Author: Michael Holden
As a think tank dedicated to improving the long-term prosperity of western Canada, the Canada West Foundation is paying close attention to the signals being sent by the region’s provincial governments and the federal government in their 2013/14 budgets.
On April 11, the Foundation laid out four areas we hoped to see in Manitoba’s budget in our budget preview.
The 2013/14 Budget Analysis assesses the degree to which progress is being made in these areas and presents five key findings:
- This budget reflects an effort to reduce the deficit while maintaining priority spending. However, it does not advance a strategic long-term vision needed for Manitoba to secure a prosperous future.
- Measures to increase education, skills and workforce participation could be meaningful if pursued aggressively and if protracted federal-provincial negotiations on skills training programs can be avoided.
- Despite tax increases, the province will remain in the red.
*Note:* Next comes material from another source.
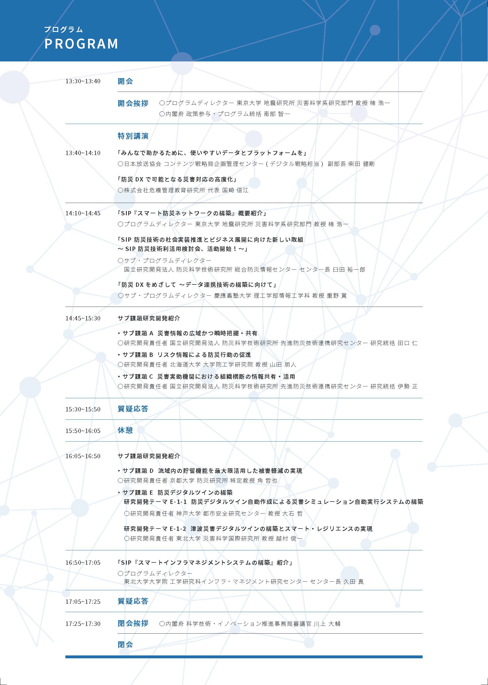 2024年10月29日(火)に開催されますSIP「スマート防災ネットワーク」シンポジウム2024に研究開発責任者の田口仁が登壇し、サブ課題Aの研究内容を紹介致します。

As a result, the government will have to work hard to find ways to support strategic economic initiatives in the coming year.
- The budget produced mixed results on business tax competitiveness. Increasing the small business tax threshold is a positive step, but raising capital taxes on financial institutions is not.
- The government highlighted the need to find opportunities to reduce the cost of government and increase efficiency. Steps to review existing funding and streamline internal operations to lower costs are critical to achieve that goal.